Community Opposition. Most communities surrounding the mining project are still, after all these years, opposed to the project. Eighteen years of resistance has honed their skill in resisting (the right to resist is now a right protected by the Constitution). In fact, on November 2013 the government tried to carry out an environmental impact study were stopped by the communities- in spite of heavy police presence, and military in the area..
14. Human Rights
After years of stopping dozens of attempts by government and private companies of accessing the mining concession that overlap communal land in order to carry out the environmental impact study and begin exploration, the government and Codelco only succeeded in carrying out the study in May of 2014 with the help of hundreds of police that terrorized the area for two months and violated rights, such as the right to freely circulate. To intensify the intimidation, a month earlier Javier Ramírez, president of the Junín community was arrested and jailed under highly irregular circumstances, which have been denounced by human rights organizations such as Amnesty International, and The International Human Rights Federation, as well as several national human rights groups. Javier was released after being sentenced in February of 2015 but only after serving 10 months in jail. His brother Victor Hugo remains in hiding accused of sabotage, the same criminal offense as his brother, for putting up resistance to the presence of Enami employees in their territory.
14. 90% of NGO’s in Cotacachi County and Intag oppose the project. In late 2012, the most important civil society organizations in Intag wrote a letter to Chile’s president to make sure he understood that the organizations would again rise to defend the area if Codelco or anyone went ahead and tried to revive the project. .
D. Exaggerated Copper Claims
15. In 2007, Micon International, the entity contracted by Ascendant Copper to evaluate the Junin copper deposit, said that it could not confirm their earlier estimates due to degradation of samples. Copper Mesa had been saying all along that the Junin copper deposit had four times more copper than what the Japanese inferred after years of exploration. In all, 2.26 million tons were inferred by the Japanese, which is a little less than 1/10th of what the world consumes annually (and it would take decades to mine it all out).

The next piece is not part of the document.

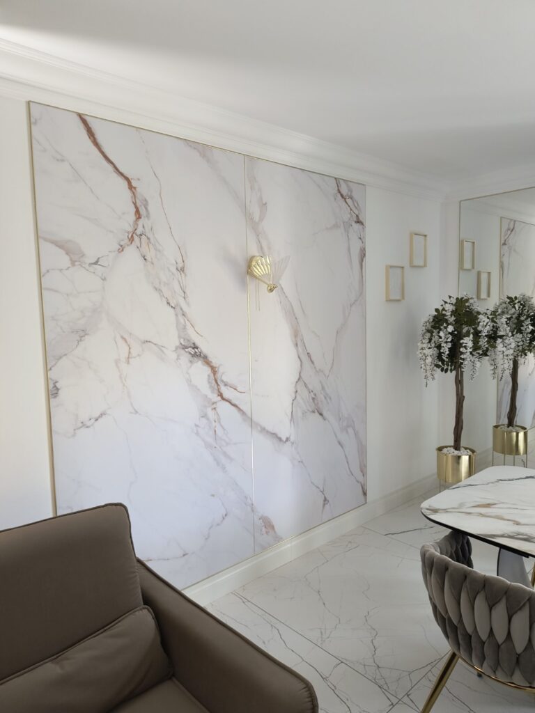 Rezultatem jest jednolita, elegancka płaszczyzna ścienna o wyraźnie mineralnym wyrazie, która łączy estetykę naturalnych surowców z precyzją nowoczesnej technologii kompozytowej. Płyty z kolekcji PREMIUM podkreślają prestiż wnętrza, budując wrażenie monolitu i dopracowanego detalu – szczególnie cenione w przestrzeniach reprezentacyjnych, strefach ekspozycyjnych oraz aranżacjach klasy high-end.
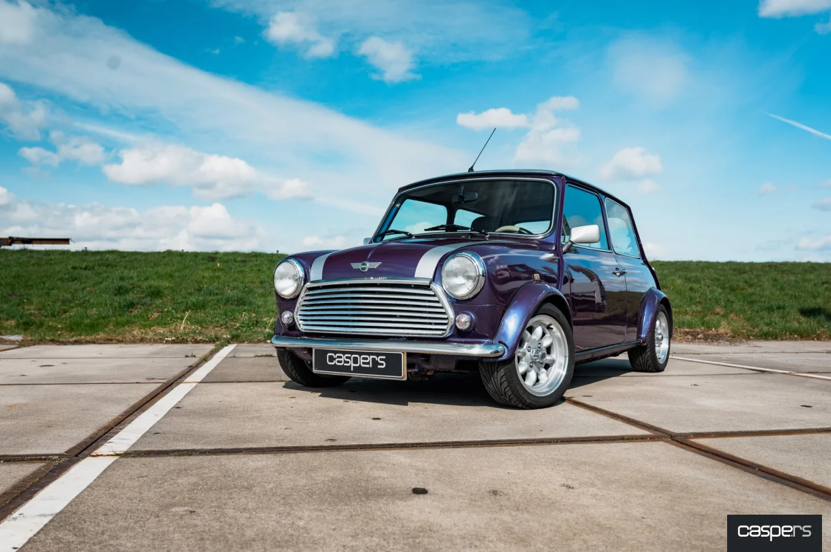 Net binnen: een prachtige Rover Mini 'Classic' van 1998.

E. Further environmental challenges
16. The area receives between 3000 and 4000 millimeters of annual rainfall. Heavy rainfall, abundant underground aquifers, and heavy metals in the ore make for a deadly mix. Not only that, but they raise the price of mining considerably, while greatly increasing the risks of man-made disasters, such as landslides. For an idea of what a landslide can do in an open pit mine, go here:
17. The ore contains toxic heavy metals and sulfur (which will cause Acid Mine Drainage).
18. There is a superabundance of underground water (according to Japanese EIA). This is bad news for mining companies and even worse news for the environment.

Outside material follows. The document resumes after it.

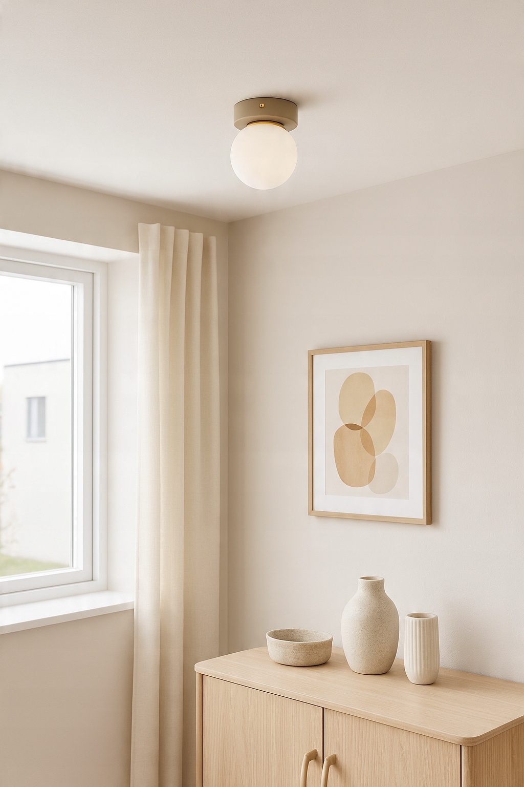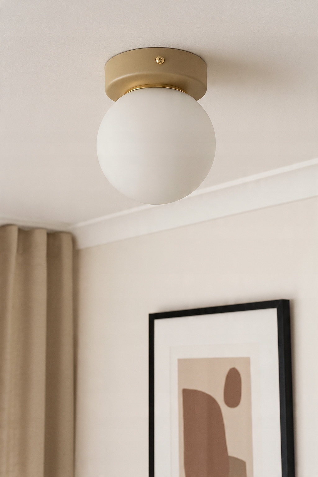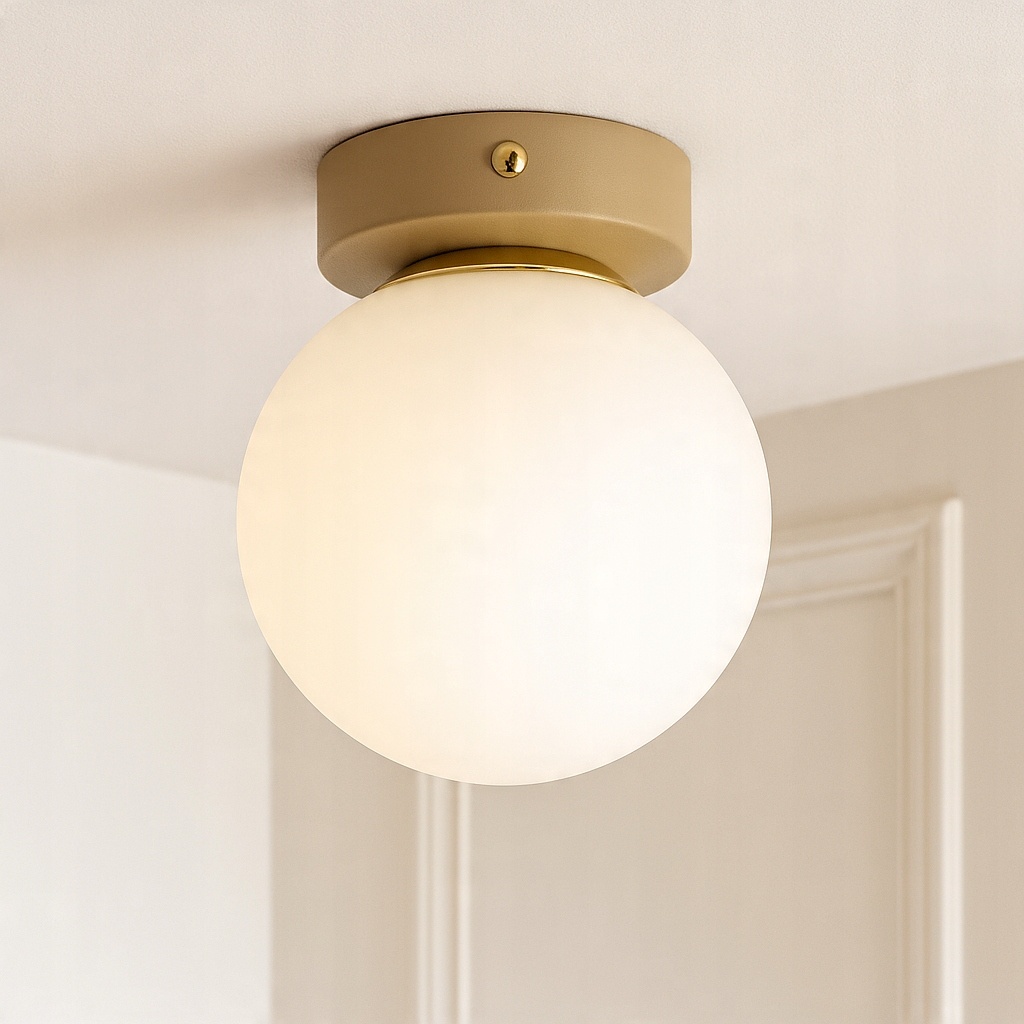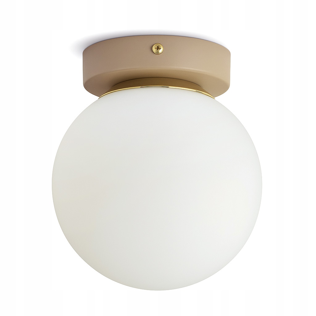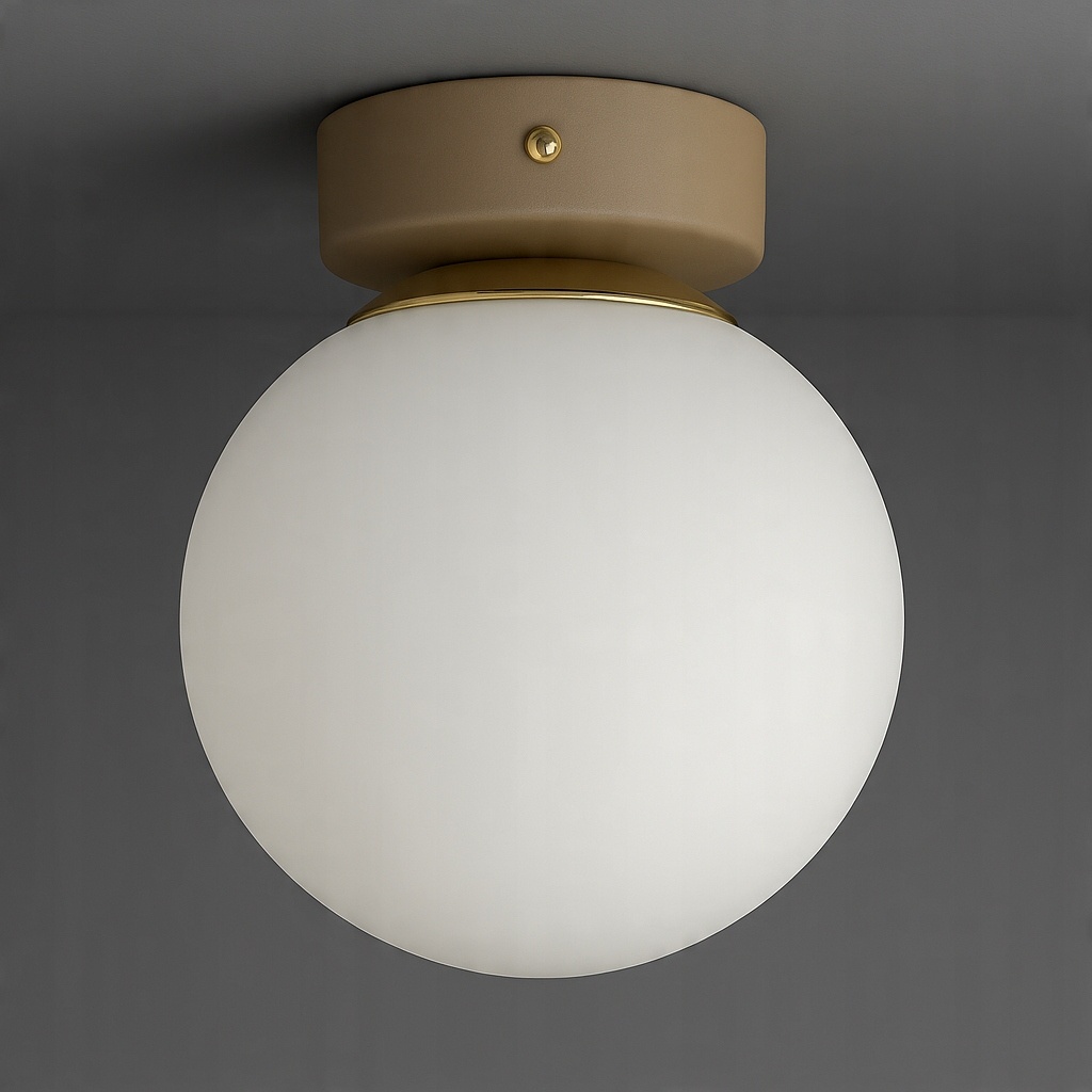 Stylowa oprawa sufitowa, która idealnie łączy ponadczasową formę z nowoczesną estetyką. Dzięki kulistemu, mlecznemu kloszowi lampa emituje miękkie, rozproszone światło, wprowadzając do wnętrza ciepłą i przytulną atmosferę. Beżowy korpus w odcieniu RAL 1019 w połączeniu ze złotym pierścieniem dodaje całości subtelnej elegancji i sprawia, że plafon doskonale prezentuje się w klasycznych, minimalistycznych i skandynawskich aranżacjach.

19. The area where they found the copper is exceptionally steep and mountainous, making mining much more difficult and expensive than most mines.
20. There are clear indications that Junín’s copper is very deep, making mining much more environmentally destructive and economically risky. Emphasis on Economically risky.
21. The Toisan Range has many geological faults, posing significant earthquake risks.
There are, in fact, more than 21 reasons for Codelco to stay out of Intag. But these should suffice for any company that considers itself responsible and to realize that Intag’s forests and inhabitants should be a no go zone.